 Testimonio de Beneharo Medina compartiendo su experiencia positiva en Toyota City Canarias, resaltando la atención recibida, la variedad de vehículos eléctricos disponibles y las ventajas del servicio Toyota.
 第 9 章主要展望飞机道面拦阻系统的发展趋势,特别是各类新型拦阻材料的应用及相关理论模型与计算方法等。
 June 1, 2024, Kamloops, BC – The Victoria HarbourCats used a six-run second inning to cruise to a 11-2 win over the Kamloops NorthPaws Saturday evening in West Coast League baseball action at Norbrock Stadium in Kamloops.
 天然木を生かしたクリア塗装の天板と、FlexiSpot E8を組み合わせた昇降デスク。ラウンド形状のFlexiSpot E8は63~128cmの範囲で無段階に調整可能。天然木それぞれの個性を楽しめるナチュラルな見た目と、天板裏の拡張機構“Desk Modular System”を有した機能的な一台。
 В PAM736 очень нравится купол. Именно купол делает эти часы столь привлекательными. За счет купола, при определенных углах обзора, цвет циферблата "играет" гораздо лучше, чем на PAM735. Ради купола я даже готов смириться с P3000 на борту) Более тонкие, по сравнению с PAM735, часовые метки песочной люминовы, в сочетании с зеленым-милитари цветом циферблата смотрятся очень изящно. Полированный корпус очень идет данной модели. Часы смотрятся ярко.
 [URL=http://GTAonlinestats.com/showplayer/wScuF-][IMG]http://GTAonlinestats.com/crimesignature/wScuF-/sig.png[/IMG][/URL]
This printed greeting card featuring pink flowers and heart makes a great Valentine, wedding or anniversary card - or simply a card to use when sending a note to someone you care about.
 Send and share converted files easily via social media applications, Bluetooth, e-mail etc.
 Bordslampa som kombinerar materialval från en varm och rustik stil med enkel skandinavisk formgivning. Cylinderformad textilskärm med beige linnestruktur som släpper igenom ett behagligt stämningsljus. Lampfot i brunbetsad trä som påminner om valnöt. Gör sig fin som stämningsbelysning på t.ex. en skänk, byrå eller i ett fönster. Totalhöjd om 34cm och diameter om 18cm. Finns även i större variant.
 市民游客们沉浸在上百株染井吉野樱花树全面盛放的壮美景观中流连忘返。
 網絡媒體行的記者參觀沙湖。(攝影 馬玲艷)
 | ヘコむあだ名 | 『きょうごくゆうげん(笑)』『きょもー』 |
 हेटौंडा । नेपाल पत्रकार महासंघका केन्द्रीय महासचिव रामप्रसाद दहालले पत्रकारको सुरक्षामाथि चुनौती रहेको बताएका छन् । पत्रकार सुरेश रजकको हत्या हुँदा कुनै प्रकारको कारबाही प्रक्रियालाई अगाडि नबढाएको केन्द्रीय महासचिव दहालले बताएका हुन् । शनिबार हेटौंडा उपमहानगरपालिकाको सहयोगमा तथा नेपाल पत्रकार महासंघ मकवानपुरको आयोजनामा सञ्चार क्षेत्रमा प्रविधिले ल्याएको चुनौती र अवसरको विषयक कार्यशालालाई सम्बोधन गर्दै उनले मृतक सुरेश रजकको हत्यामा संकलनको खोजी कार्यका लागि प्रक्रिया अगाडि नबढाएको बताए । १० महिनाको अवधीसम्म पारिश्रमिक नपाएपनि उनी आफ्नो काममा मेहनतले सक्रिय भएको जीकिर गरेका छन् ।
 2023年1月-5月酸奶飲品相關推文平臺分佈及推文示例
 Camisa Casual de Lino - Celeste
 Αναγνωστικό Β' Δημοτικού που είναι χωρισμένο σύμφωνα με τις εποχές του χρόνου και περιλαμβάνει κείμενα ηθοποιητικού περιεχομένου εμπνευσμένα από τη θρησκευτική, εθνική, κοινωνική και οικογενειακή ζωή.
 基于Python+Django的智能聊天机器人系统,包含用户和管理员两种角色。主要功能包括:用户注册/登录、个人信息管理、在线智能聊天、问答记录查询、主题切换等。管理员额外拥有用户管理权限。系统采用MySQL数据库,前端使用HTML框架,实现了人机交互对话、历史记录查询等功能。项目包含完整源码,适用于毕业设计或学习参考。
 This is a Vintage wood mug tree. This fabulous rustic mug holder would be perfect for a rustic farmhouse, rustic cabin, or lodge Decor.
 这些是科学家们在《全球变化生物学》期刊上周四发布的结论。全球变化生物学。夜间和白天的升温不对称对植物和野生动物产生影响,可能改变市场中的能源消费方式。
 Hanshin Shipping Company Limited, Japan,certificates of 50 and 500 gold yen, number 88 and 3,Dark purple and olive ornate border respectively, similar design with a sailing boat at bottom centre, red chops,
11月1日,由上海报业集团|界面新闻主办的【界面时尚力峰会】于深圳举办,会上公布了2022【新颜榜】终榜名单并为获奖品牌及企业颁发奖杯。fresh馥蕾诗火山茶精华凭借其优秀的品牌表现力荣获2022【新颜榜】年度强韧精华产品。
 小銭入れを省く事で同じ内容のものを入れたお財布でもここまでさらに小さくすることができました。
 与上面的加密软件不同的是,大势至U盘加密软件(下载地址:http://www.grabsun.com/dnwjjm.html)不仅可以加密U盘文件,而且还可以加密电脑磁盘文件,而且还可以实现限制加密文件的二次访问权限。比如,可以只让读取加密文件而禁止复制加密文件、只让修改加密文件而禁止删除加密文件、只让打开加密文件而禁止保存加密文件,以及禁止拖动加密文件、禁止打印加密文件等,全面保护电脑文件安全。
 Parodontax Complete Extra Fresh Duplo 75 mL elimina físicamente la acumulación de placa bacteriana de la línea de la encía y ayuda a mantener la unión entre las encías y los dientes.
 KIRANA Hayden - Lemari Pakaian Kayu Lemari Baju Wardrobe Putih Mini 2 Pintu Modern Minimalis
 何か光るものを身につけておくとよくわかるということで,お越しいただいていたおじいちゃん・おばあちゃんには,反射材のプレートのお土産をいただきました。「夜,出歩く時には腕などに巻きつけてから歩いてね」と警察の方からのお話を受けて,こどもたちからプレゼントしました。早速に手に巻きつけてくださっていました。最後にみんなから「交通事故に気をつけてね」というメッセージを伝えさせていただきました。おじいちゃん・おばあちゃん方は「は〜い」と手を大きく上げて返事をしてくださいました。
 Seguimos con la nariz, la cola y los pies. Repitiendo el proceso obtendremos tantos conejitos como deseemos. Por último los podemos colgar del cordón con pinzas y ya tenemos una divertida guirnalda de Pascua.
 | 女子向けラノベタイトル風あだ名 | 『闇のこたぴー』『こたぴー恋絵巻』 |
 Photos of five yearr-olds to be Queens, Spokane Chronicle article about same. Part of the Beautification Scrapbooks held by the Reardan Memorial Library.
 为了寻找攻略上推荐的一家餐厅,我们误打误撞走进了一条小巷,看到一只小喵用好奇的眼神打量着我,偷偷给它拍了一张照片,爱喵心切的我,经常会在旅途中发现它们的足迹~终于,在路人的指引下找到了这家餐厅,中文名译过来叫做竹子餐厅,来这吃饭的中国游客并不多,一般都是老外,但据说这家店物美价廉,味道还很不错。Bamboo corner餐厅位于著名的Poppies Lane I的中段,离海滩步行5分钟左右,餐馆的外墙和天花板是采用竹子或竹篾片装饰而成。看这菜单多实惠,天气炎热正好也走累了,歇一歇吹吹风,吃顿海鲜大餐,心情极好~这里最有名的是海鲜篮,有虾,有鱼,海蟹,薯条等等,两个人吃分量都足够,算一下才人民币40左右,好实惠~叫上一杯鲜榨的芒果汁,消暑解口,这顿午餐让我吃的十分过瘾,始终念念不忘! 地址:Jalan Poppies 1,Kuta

→ WORK TO BE COMPLETED: In the listing above, find the line containing "11月1日,由上海报业集团|" and the line containing "小銭入れを省く事で同じ内容の". Output them and every line between, exactly, and nothing else.

→ ANSWER TO THIS TASK:
11月1日,由上海报业集团|界面新闻主办的【界面时尚力峰会】于深圳举办,会上公布了2022【新颜榜】终榜名单并为获奖品牌及企业颁发奖杯。fresh馥蕾诗火山茶精华凭借其优秀的品牌表现力荣获2022【新颜榜】年度强韧精华产品。
 小銭入れを省く事で同じ内容のものを入れたお財布でもここまでさらに小さくすることができました。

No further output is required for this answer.